Она не спорила, о чем спорить? Все, что он говорит, в будущем. Еще надо закончить школу, получить золотую медаль и поступить в МГУ.
– Не забудь, – шутил он, – тебе понадобится хороший муж. Хочешь, привезу настоящего финского рыбака?
Надя жарко покраснела.
– Нет, – сказала она, – я сама найду мужа…
– Надя! – позвал ее отец. – Иди скорей, мы садимся!
Она молча кивнула, сделала шаг в их сторону и почувствовала странную тяжесть в ногах. Они не хотели идти туда, где за одним столом собрались близкие ей люди.
Как будто чувствовала, что, соединившись, сами того не зная, они перевернут ее жизнь…
1
– Какое интересное приглашение, – пробормотала Гутя, и так и этак поворачивая синюю картонку. Щелкнула по нижнему краю – передняя стенка поднялась вверх, две машинки предложили ей себя. Нравимся – купи! – Какая ловкая имитация гаражной двери.
Она щелкнула пальцем по верхнему краю. Рифленая картонка, как и положено автоматической двери, опустилась. Машинки спрятались за ней.
– Ну вот, вас больше нет, и никакого соблазна.
Она взяла со стола белый квадратный конверт, в котором пришло приглашение, раздвинула его пальцами, заглянула внутрь. Там лежало что-то еще. Записка.
Августа, не ленись, приезжай. Будет фуршет, и я тоже…
Она улыбнулась. Это, конечно, Славик, самый близкий друг мужа, Сергея. Он послал ей приглашение. Хочет развлечь? Так что же, отозваться, пойти?
Гутя посмотрела в окно и поморщилась. С тех пор как погиб Сергей, такое беспощадно яркое зимнее солнце ее пугало – катастрофа произошла в похожий день.
Потянувшись к окну, ухватилась за край занавески, дернула, кольца проскрежетали по металлической штанге, потом зацепились друг за друга и замерли. Морщась, подергала плотную ткань – бесполезно. «Уперлась, как ты сама, – упрекнула себя Гутя. – Солнце не виновато, пора кончать с этими глупостями. Какой смысл ненавидеть солнце, если от этого плохо только тебе самой? А солнце плевать хотело».
Гутя ослабила хватку, позволяя занавеске вернуться на прежнее место. В обратный путь металлические кольца отправились охотно – не скрипели, а пели, скользя по штанге.
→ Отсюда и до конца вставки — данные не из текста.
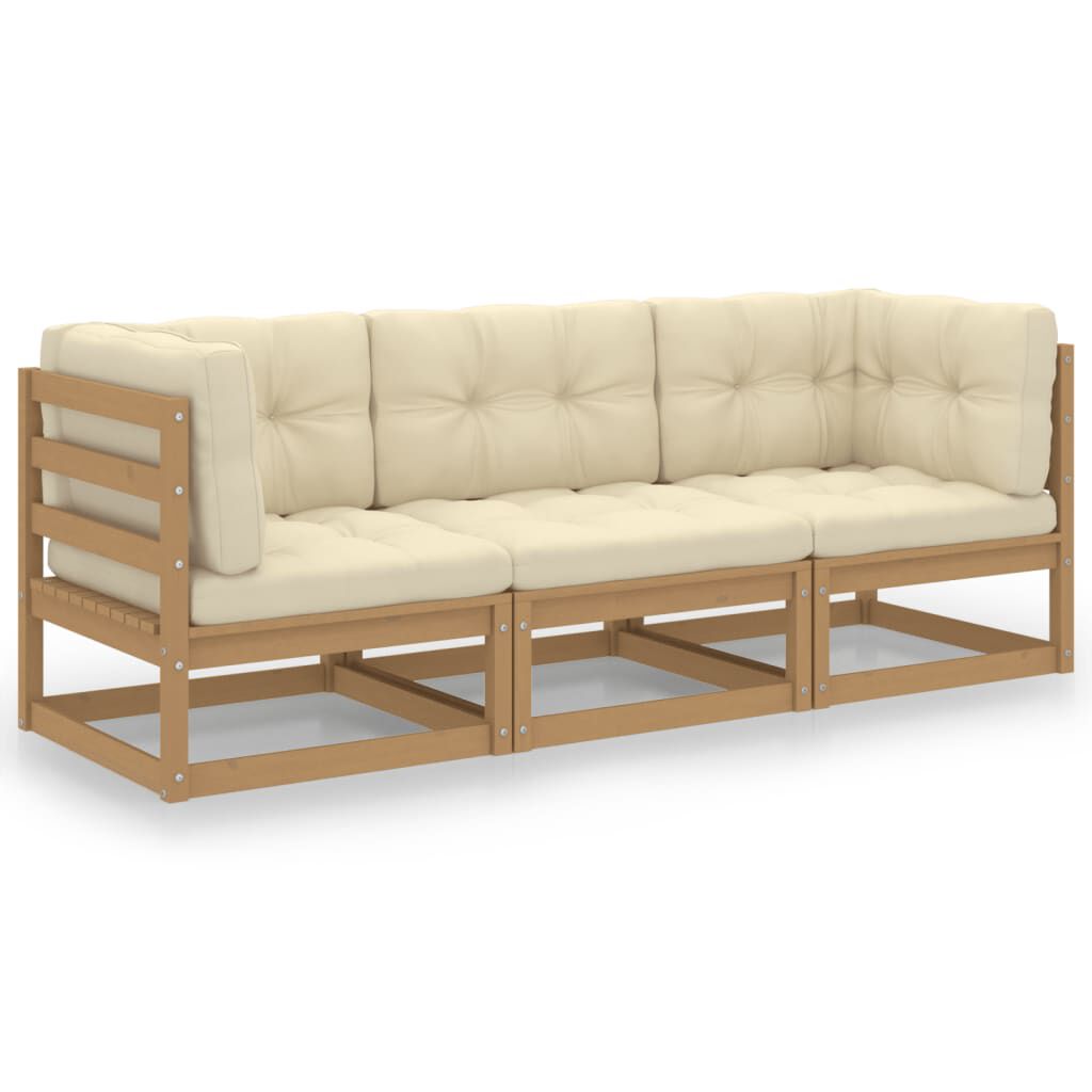 vidaXL 3-Sitzer-Gartensofa mit Kissen Kiefer Massivholz

Гутя поморщилась. Правильно говорят, причины любого недовольства надо искать внутри себя. Разберись с собой, а не с зимним солнцем. Если тебе хочется попасть на покатушки, оденься, сядь в машину и – вперед.
Она быстро подошла к платяному шкафу и открыла. Не слишком долго думая, вынула темно-серые брюки и черный свитер толстой вязки с высоким воротом. Оделась перед зеркалом, встроенным в дверцу шкафа, прошлась щеткой по волосам. Какие они короткие, всякий раз отмечала она, никак не привыкнет. Отрезала длинные волосы сразу после гибели Сергея и удивилась – вся одежда – костюмы, блузки, брюки с новой прической стали казаться чужими вещами, словно принадлежали другой женщине – с волосами ниже плеч. Какой она и была, когда покупала. Она не могла понять, в чем дело, и, возможно, до сих пор осталась бы в неведении, если бы не бабушка.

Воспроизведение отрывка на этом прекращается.